▶ Provided data:
--
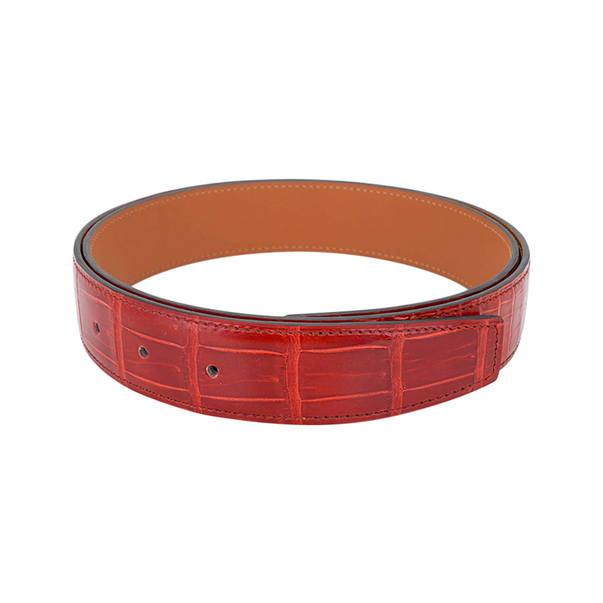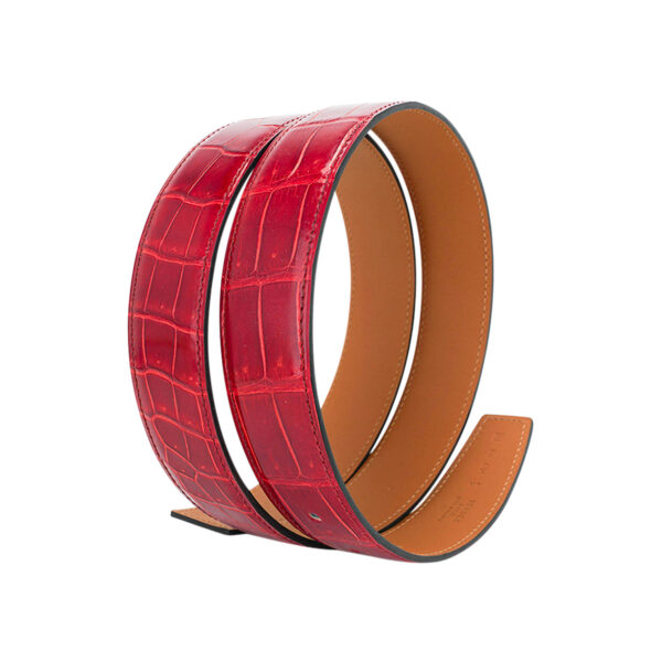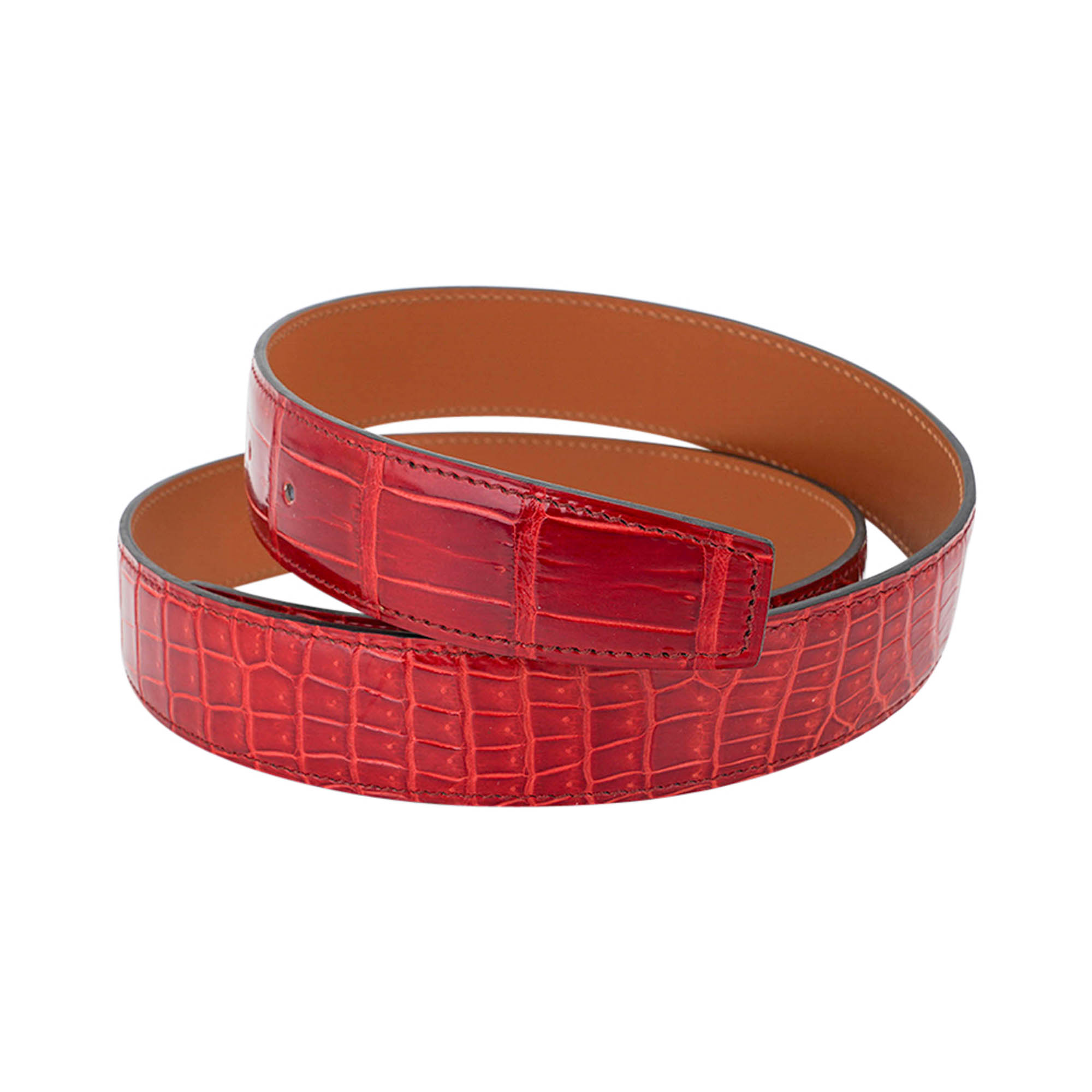 The Hermès Constance 32 mm belt strap in Sanguine Porosus Crocodile is a rare and collectible piece.
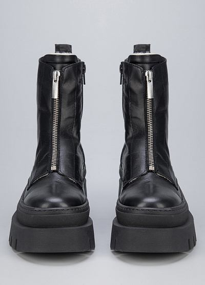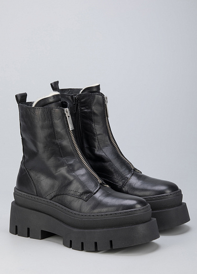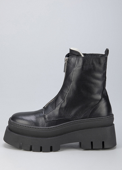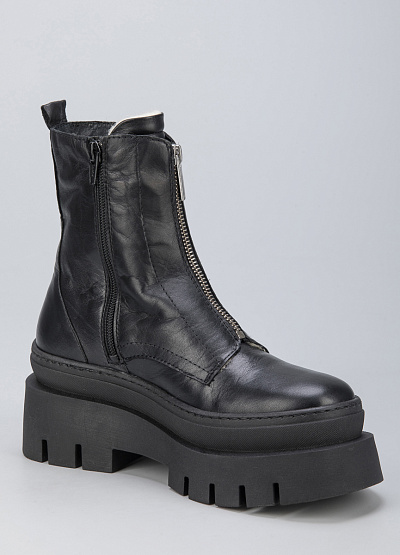 • Женские ботинки из натуральной кожи от бренда Creator. Закругленный носок. Застежка-молния по центру и сбоку. Петли для подтягивания сзади. Массивная рифленая подошва.
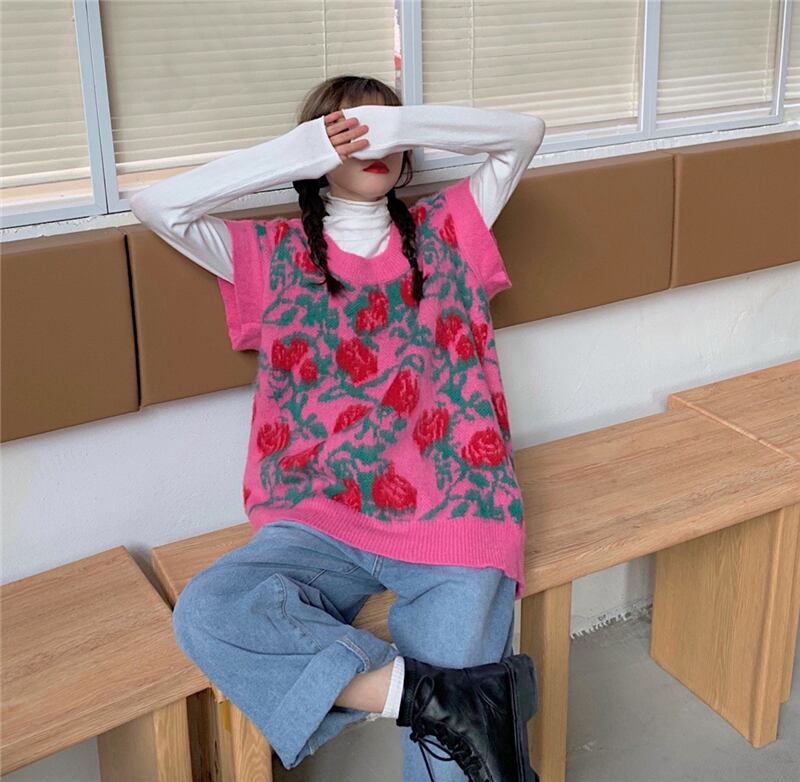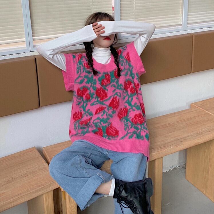 スタンダードFlowerデザイン パターンニットレディースウィンタールーズスタイルノースリーブ レトロ 冬物 フラワーデザイン kumikum61042098630
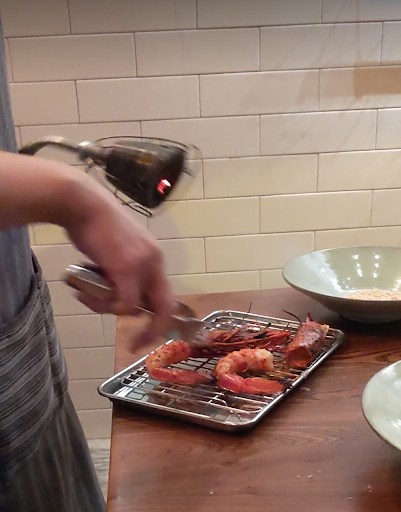 we ordered the shrimp which they will torch in front of you at the table, however the girl who came with the torch couldn't even handle the fork and spoon that's used to hold the shrimp in place for torching, and in turn broke the head and so all the juices and yummy bits were all dripped into the pan for torching, so there were none left to supposedly be mixed with the rice for you to enjoy for this dish.
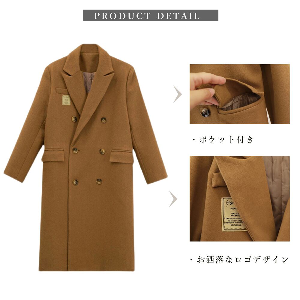 大きめの襟とダブルボタンのデザインがクラシカルな雰囲気を醸し出すオーバーサイズチェスターコートの
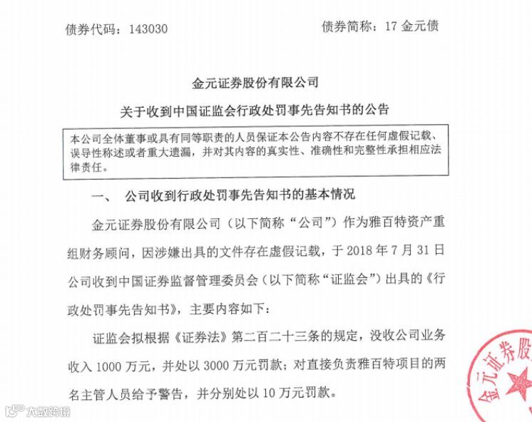 8月16日,金元证券发布公告称,作为雅百特科技股份有限公司资产重组财务顾问,因涉嫌出具文件存在虚假记载,于7月31日收到证监会出具的《行政处罚事先告知书》:
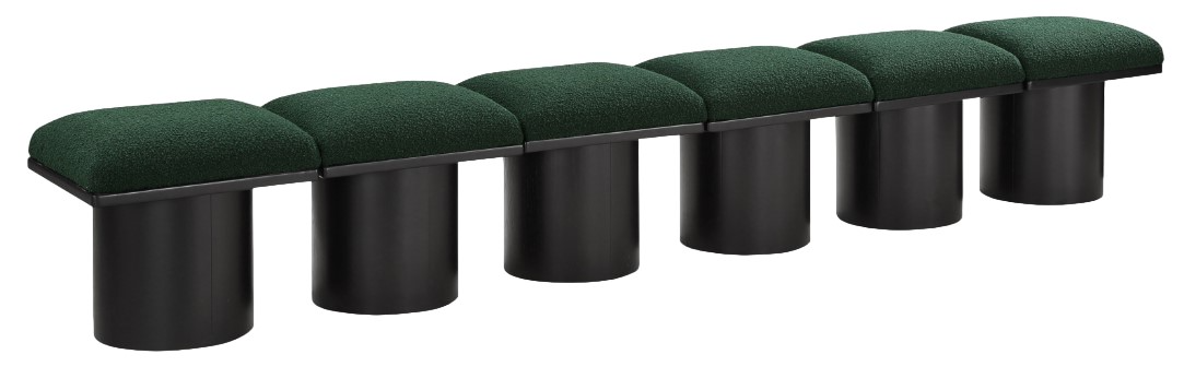 Bring valuable seating and remarkable style to your space with this green Pavilion Boucle Fabric Bench, an exquisite balance of style and usability for the entryway, bedroom, and beyond. Crafted from oak veneer with a black finish, this bench has a 4-inch-thick seat cushion that's channel-tufted for a touch of luxury.Read More
--
▶ Work item: Could you repeat, exactly and with nothing else, the lines from the first line of the records through the line containing "スタンダードFlowerデザイン パターンニットレディースウィンタールーズスタイルノースリーブ レトロ"? Leave out the pictures.

▶ The answer:
 The Hermès Constance 32 mm belt strap in Sanguine Porosus Crocodile is a rare and collectible piece.
 • Женские ботинки из натуральной кожи от бренда Creator. Закругленный носок. Застежка-молния по центру и сбоку. Петли для подтягивания сзади. Массивная рифленая подошва.
 スタンダードFlowerデザイン パターンニットレディースウィンタールーズスタイルノースリーブ レトロ 冬物 フラワーデザイン kumikum61042098630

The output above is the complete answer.